> Your instructions:
Retype the whole listing verbatim and keep the pictures out of it.

-------

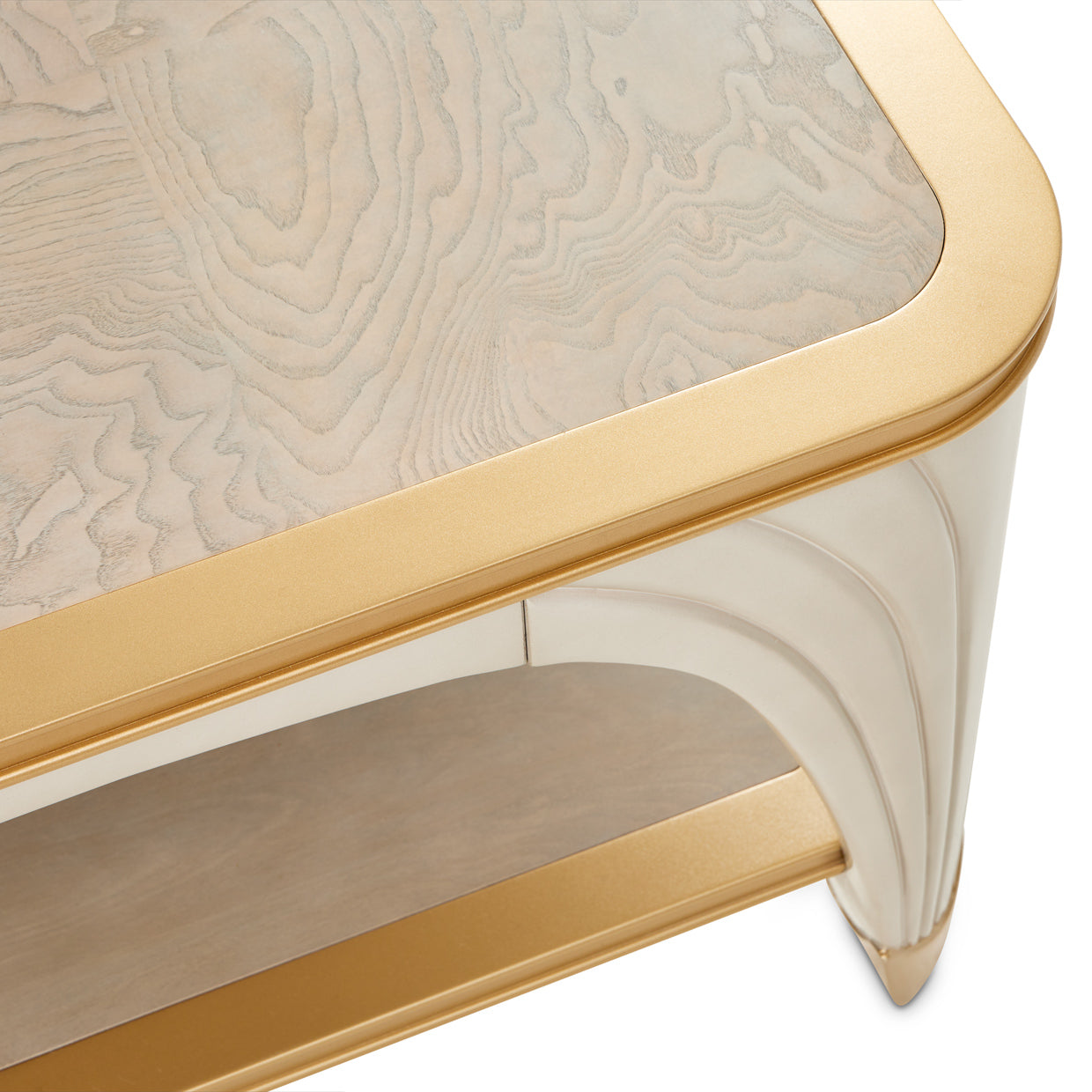 The La Terrazza Cocktail Table finished in soft Silver Mist with delicate champagne accents, infuses elegance and modernity into any room with its sleek form and refined details. The top features a stunning swirl ash veneer inlay while the sculpted legs flow gracefully, creating a fluid visual rhythm. A spacious lower shelf provides ample space for display or storage, while champagne trim adds a touch of luxurious shimmer.
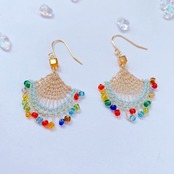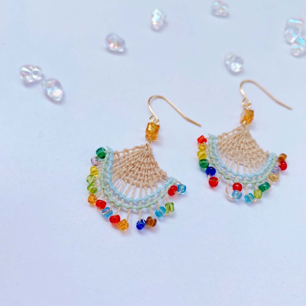 カラフルな透明ガラスのビーズをたくさん使って生成色と合わせました。
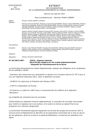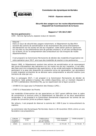 Dans un souci de sécurité des usagers notamment, le Département du Bas-Rhin soutient des actions de sensibilisation et de recensement des zones d’écrasement des batraciens sur les routes lors de leur migration. Cette action porte en particulier sur les sites ou ces phénomènes sont de grandes ampleurs, et ont des conséquences sur la faune, et sur le comportement des conducteurs sur ces tronçons de routes départementales. Il est proposé à la Commission Permanente de décider des modalités d'organisation de cette opération pour 2017, ainsi que des modalités de soutien à nos partenaires.
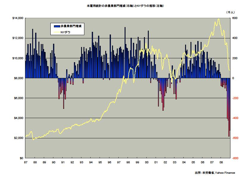12月の米雇用統計は1939年調査開始以来初となる2ヶ月連続で50万人を超える減少幅で、12ヶ月連続の減少となりました。さらに、失業率は1993年1月(7.3%)以来16年ぶりの高水準でした。
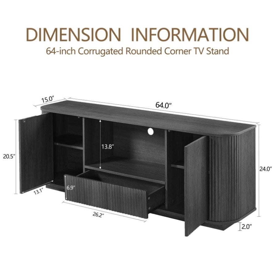 64-Inch Wavy TV Stand, Rounded Sideboard, Storage Cabinet, Wooden Vertical Stripe Cabinet for Living W1162P309020
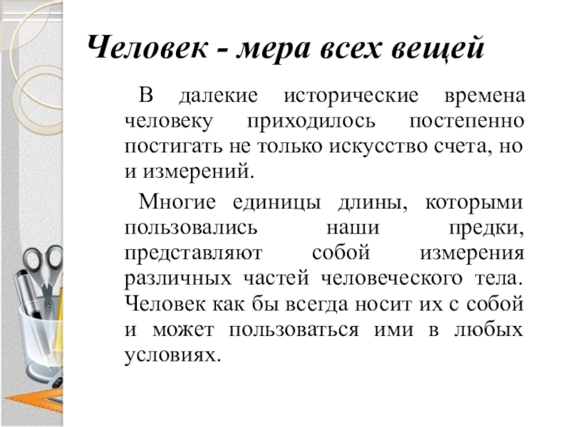 Человек - мера всех вещейВ далекие исторические времена человеку приходилось постепенно постигать не только искусство счета, но и измерений.Многие единицы длины, которыми пользовались наши предки, представляют собой измерения различных частей человеческого тела. Человек как бы всегда

-------

> Solved exercise:
 The La Terrazza Cocktail Table finished in soft Silver Mist with delicate champagne accents, infuses elegance and modernity into any room with its sleek form and refined details. The top features a stunning swirl ash veneer inlay while the sculpted legs flow gracefully, creating a fluid visual rhythm. A spacious lower shelf provides ample space for display or storage, while champagne trim adds a touch of luxurious shimmer.
 カラフルな透明ガラスのビーズをたくさん使って生成色と合わせました。
 Dans un souci de sécurité des usagers notamment, le Département du Bas-Rhin soutient des actions de sensibilisation et de recensement des zones d’écrasement des batraciens sur les routes lors de leur migration. Cette action porte en particulier sur les sites ou ces phénomènes sont de grandes ampleurs, et ont des conséquences sur la faune, et sur le comportement des conducteurs sur ces tronçons de routes départementales. Il est proposé à la Commission Permanente de décider des modalités d'organisation de cette opération pour 2017, ainsi que des modalités de soutien à nos partenaires.
12月の米雇用統計は1939年調査開始以来初となる2ヶ月連続で50万人を超える減少幅で、12ヶ月連続の減少となりました。さらに、失業率は1993年1月(7.3%)以来16年ぶりの高水準でした。
 64-Inch Wavy TV Stand, Rounded Sideboard, Storage Cabinet, Wooden Vertical Stripe Cabinet for Living W1162P309020
 Человек - мера всех вещейВ далекие исторические времена человеку приходилось постепенно постигать не только искусство счета, но и измерений.Многие единицы длины, которыми пользовались наши предки, представляют собой измерения различных частей человеческого тела. Человек как бы всегда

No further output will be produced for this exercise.